Die Ergebnisse der Bürgerbefragung zeigen, dass die Regierung mit dieser Flexibilisierung auf dem richtigen Weg ist: 42,6% wollen wie bisher voll auf Sicherheit setzen, würden sich also zulasten von Rendite für die 100-Prozent-Garantie entscheiden. 36,3% präferieren die 80-Prozent-Garantie und 21,1% wären bereit, auf jegliche Garantie zu verzichten. Geht es um das Geschlecht und um das Alter, zeigen sich deutliche Unterschiede: So haben Frauen im Vergleich zu Männern und Befragte ab 50 Jahren im Vergleich zu den Jüngeren eine deutlich stärker ausgeprägte Sicherheitspräferenz, würden also die 100-Prozent-Garantie wählen.
"Es ist rundum zu begrüßen, dass die Politik mit der Aufweichung der Bruttobeitragsgarantie endlich die staatliche geförderte private Altersvorsorge aus dem viel zu engen Korsett der Zinsabhängigkeit in die Kapitalmärkte entlassen will.
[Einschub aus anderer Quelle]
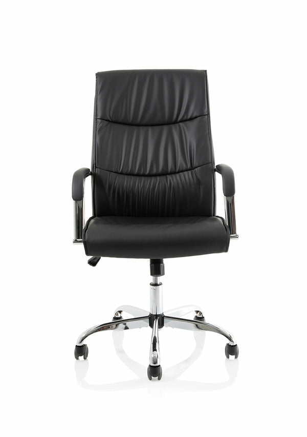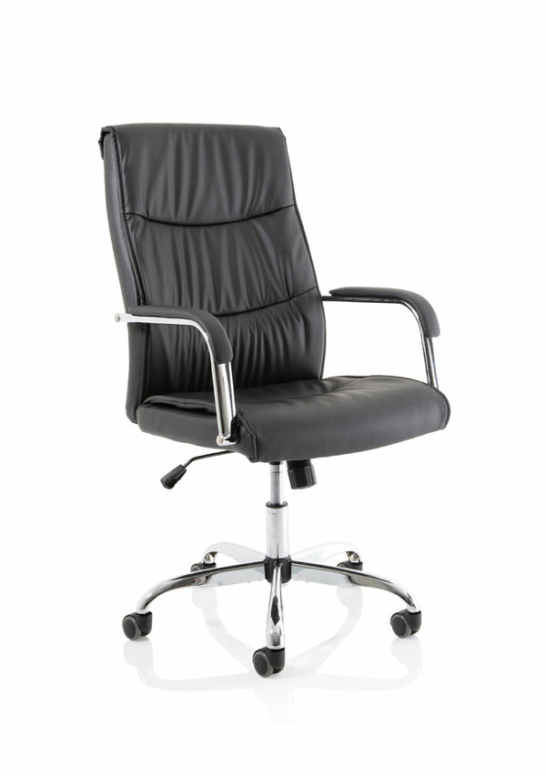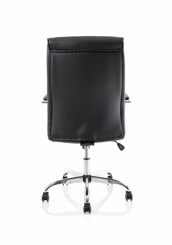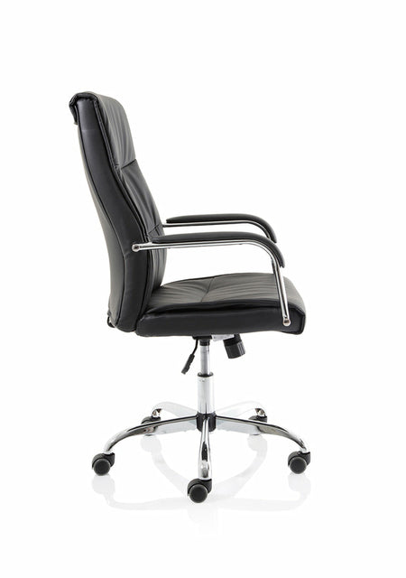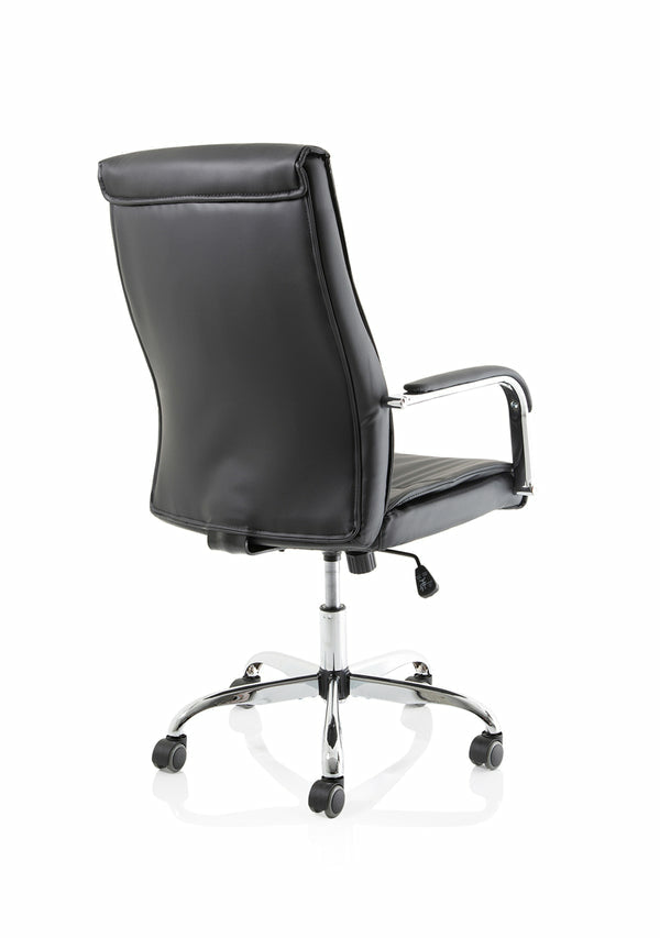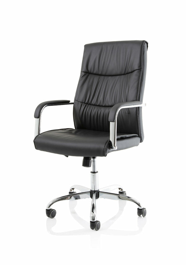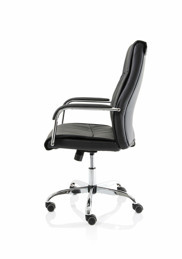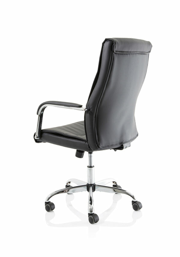 Luxury at a fraction of the usual cost. This high back Carter chair in faux leather has stitch detailing, deep foams and a padded armrest on a chrome frame. A clear case of "Get Carter."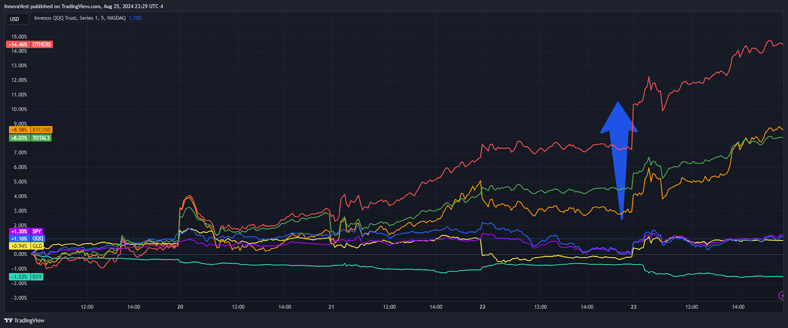 Chủ tịch Fed Powell đã gửi một tín hiệu mạnh mẽ đến thị trường về việc cắt giảm lãi suất sắp xảy ra vào tháng 7 này trong bài phát biểu tại Jackson Hole của ông. Mặc dù thị trường đã định giá ít nhất một lần cắt giảm lãi suất vào tháng 9 này trước bài phát biểu của Powell, bài phát biểu của ông đã tạo thêm niềm tin về quỹ đạo nới lỏng sắp tới. Thị trường hiện đang định giá khoảng 80% khả năng cắt giảm lãi suất ít nhất 1% vào cuối năm, tăng đáng kể so với chỉ một tuần trước.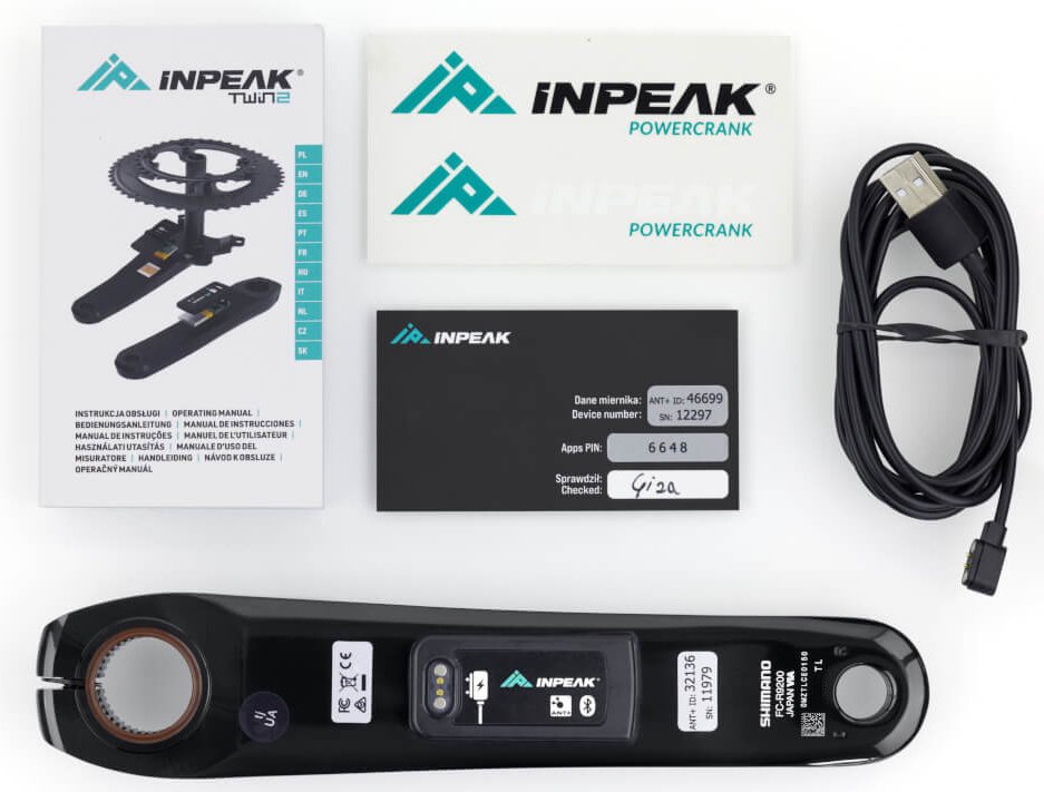 The ANT+ and Bluetooth wireless protocols are responsible for data transfer to compatible bike computers and sports watches as well as to analysis and registration apps on the smartphone. The firmware can be easily updated wirelessly using the INPEAK Manager app. The Powercrank-E sensor is powered by a rechargeable lithium-polymer battery. The powermeter is manufactured in the EU.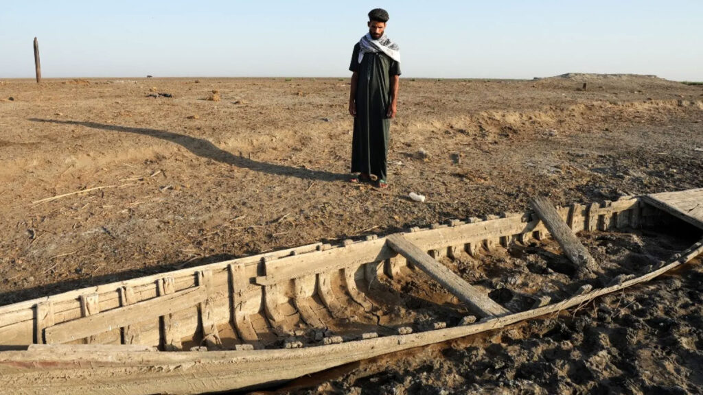 في مناطق جنوب العراق، المشهد مأساوي. الأنهار التي كانت يومًا مصدر الحياة، مثل نهر الفرات، انحسرت مياهها بشكل كبير، تاركة وراءها قيعانًا متشققة وقوارب صيد مهجورة.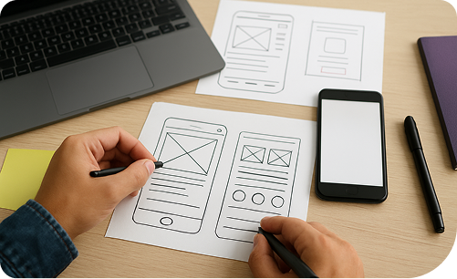 Our design process focuses on creating intuitive, user-friendly, and visually engaging interfaces. We develop interactive prototypes and wireframes to validate ideas before development begins. This ensures a seamless user experience, better usability, and alignment with your brand identity.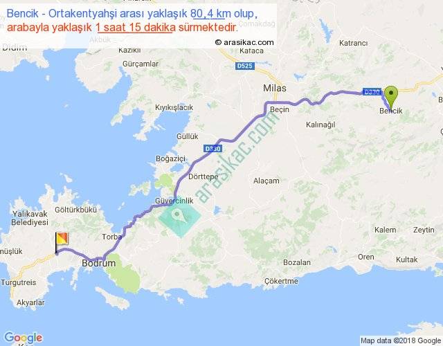 Bencik - Ortakentyahşi arası yaklaşık olarak 90 km/h ile yukarıda belirtilen sürede olup, iki yerin kuş uçuşu uzaklığı (mesafesi) 64'dir. Yolculuk otobüsle 1 saat 37 dakika sürmektedir.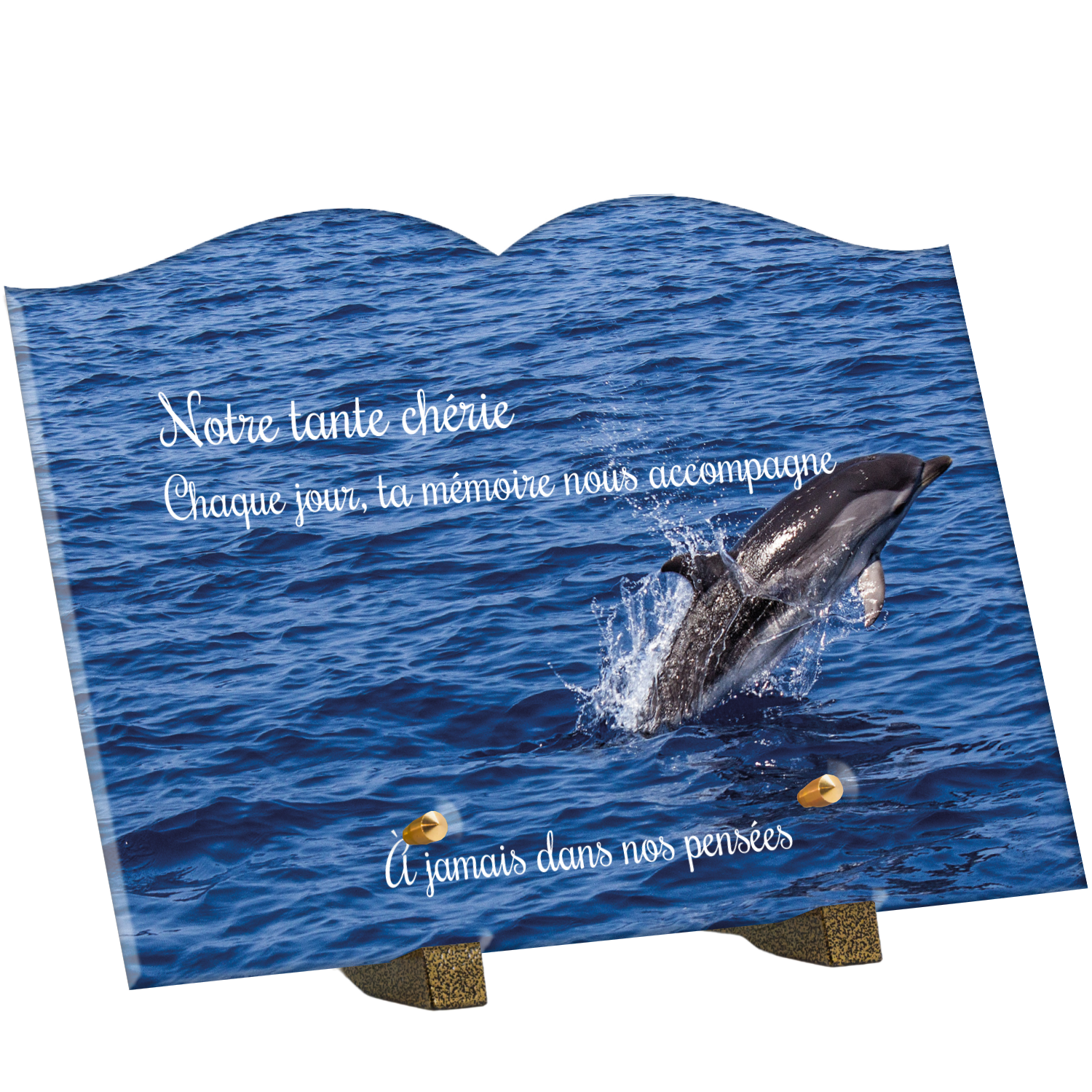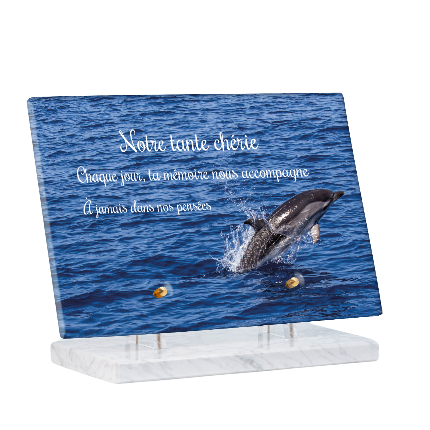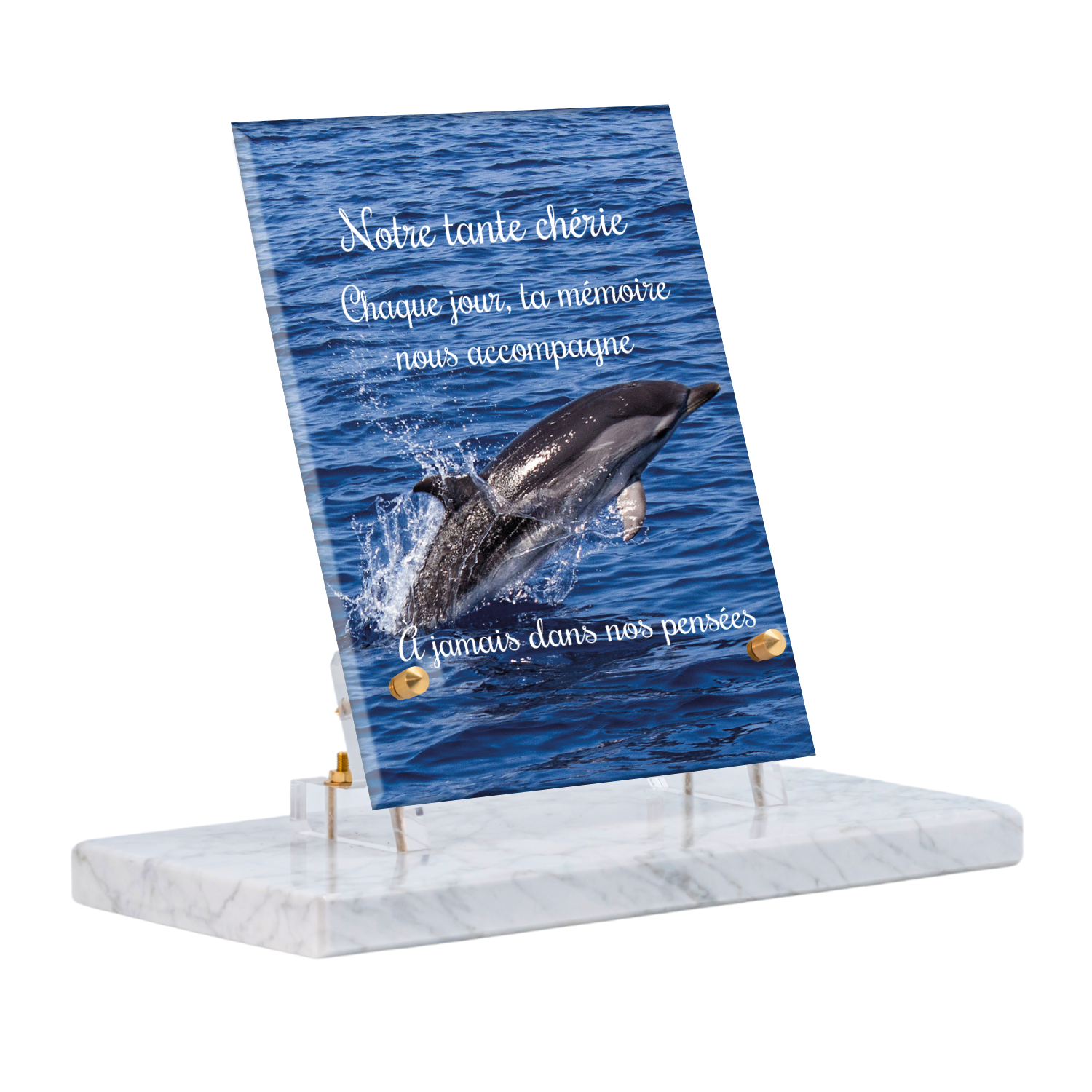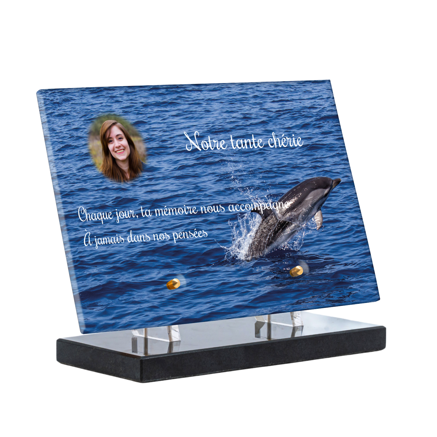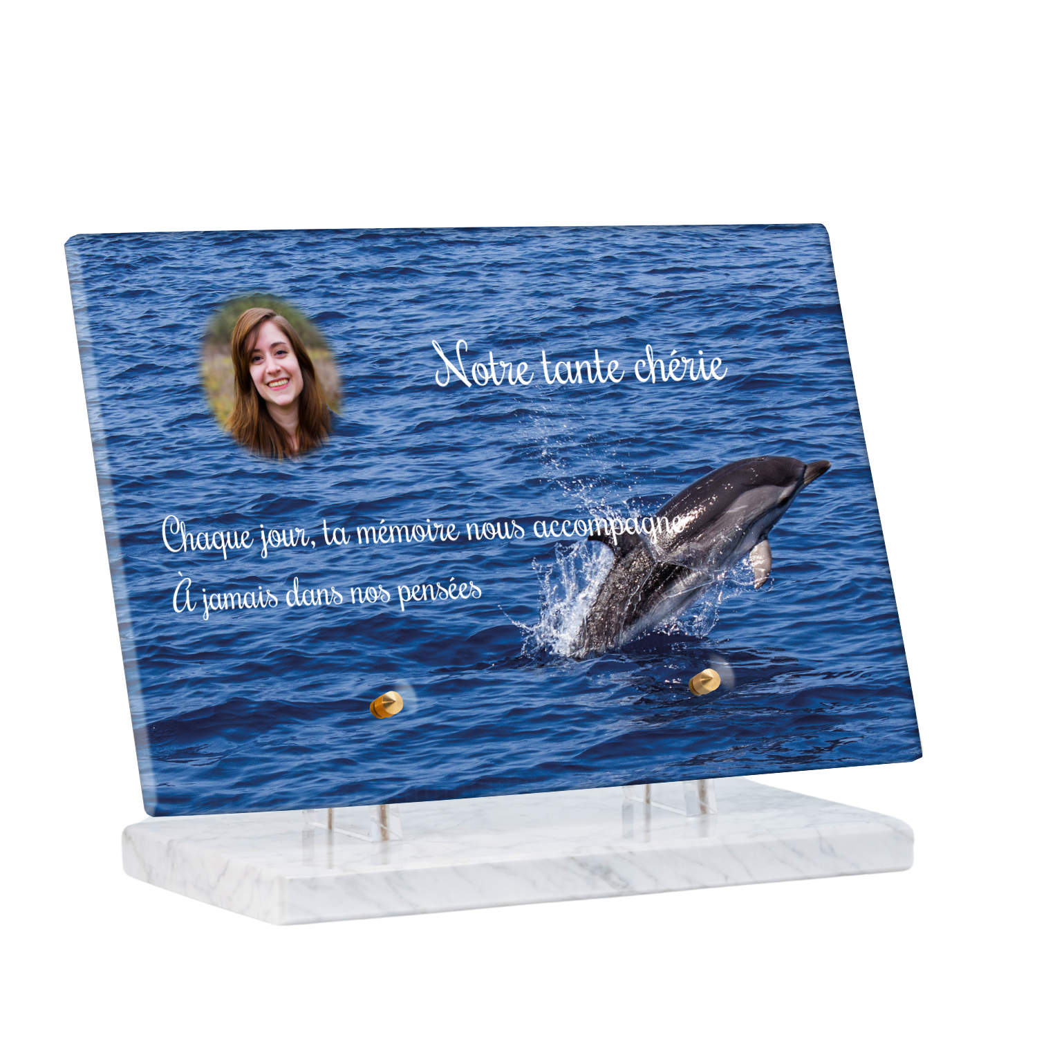 Offrez un hommage unique avec cette plaque funéraire personnalisée représentant un océan apaisant et un dauphin, symbole de liberté et de sérénité. Conçue en plexiglas, cette plaque funéraire moderne allie élégance et résistance, idéale pour célébrer la mémoire de vos proches avec délicatesse. Chaque plaque mortuaire est réalisée sur mesure, vous permettant de choisir les détails qui reflètent au mieux la personnalité du défunt. Sa durabilité approuvée garantit une conservation longue durée, pour un souvenir précieux qui traverse le temps.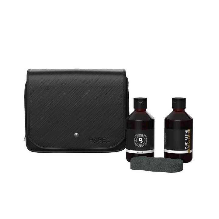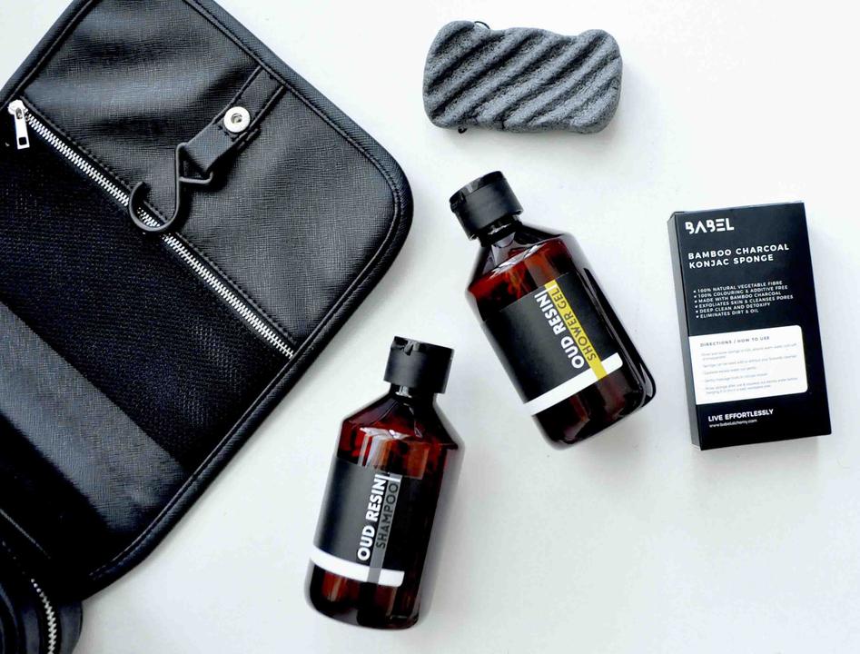 Comes with free toiletry bag & charcoal sponge! Sleek and sophisticated, our White Box Shower Kit has everything a man needs to clean up his act, fast.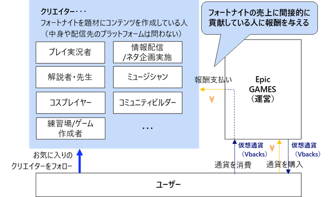 3.5億人というフォートナイトの驚異的なプレイヤー数の裏には、プレイ実況者やコスプレイヤー、最新情報の解説者、練習場の運営者といったユーザに近いところで啓もう活動をしているクリエイターが存在します。こうしたクリエイターは、従来はコンテンツに広告を掲載することをモチベーションにしていましたが、これはゆがんだ収益モデルです。本来はフォートナイトの魅力を発信することが、どの程度ユーザー増加・維持に貢献しているかの価値に応じた対価を得るべきです。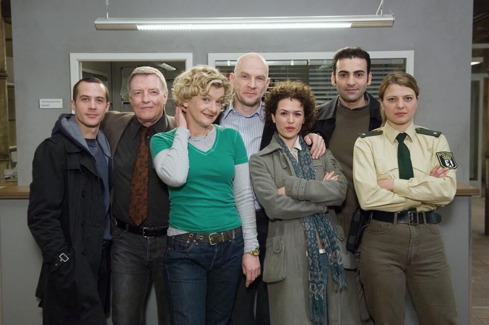 Und so sah der Cast der ZDF-Serie "KDD -Kriminaldauerdienst" damals aus (v.l.): Barnaby Metschurat, Manfred Zapatka, Saskia Vester, Götz Schubert, Melika Foroutan, Billey Demirtas und Jördis Triebel ermittelten und lebten unter ständigem Hochdruck in Berlin-Kreuzberg.
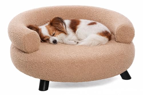 Panier Chien - Panier Chat - canape Chien - Dudo - Sofa - Ronde - Beige - 62x62x28 cm - Textile et Bois - pour Petits Chiens et Chats - Pieds en Bois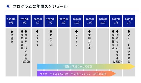 - 修了生メンター制度の拡充(縦の学び合いの深化)昨年度好評だったOB・OGによるメンター体制をさらに強化。実践経験を持つ修了生の伴走により、現役受講生が現場で直面する壁を乗り越えるための「生きた知恵」の継承を加速させます。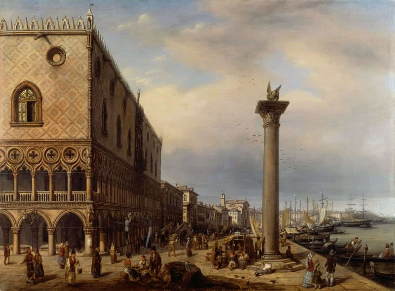На водной глади канала скользят несколько лодок, занятые своими делами люди добавляют сцене динамизма и жизни. Вдали, на линии горизонта, виднеются более удалённые постройки, растворяющиеся в дымке атмосферы.

Über 10 Jahre Niedrigzins sind der Hauptgrund dafür, dass das Riester-Sparen nicht mehr funktionieren konnte. Jetzt sollen die Bürger selbst wählen können, und das ist gut so. Denn wie die Ergebnisse zeigen, sind die Präferenzen für Sicherheit, Risiko und Rendite bei den Menschen höchst unterschiedlich. Warum also sollte der Staat alle in eine festgelegte Sparform hineinzwingen, die sich darüber hinaus auch noch als viel zu zinsabhängig herauskristallisiert hat?", meint Prof. Dr. Michael Heuser, Wissenschaftlicher Direktor des DIVA.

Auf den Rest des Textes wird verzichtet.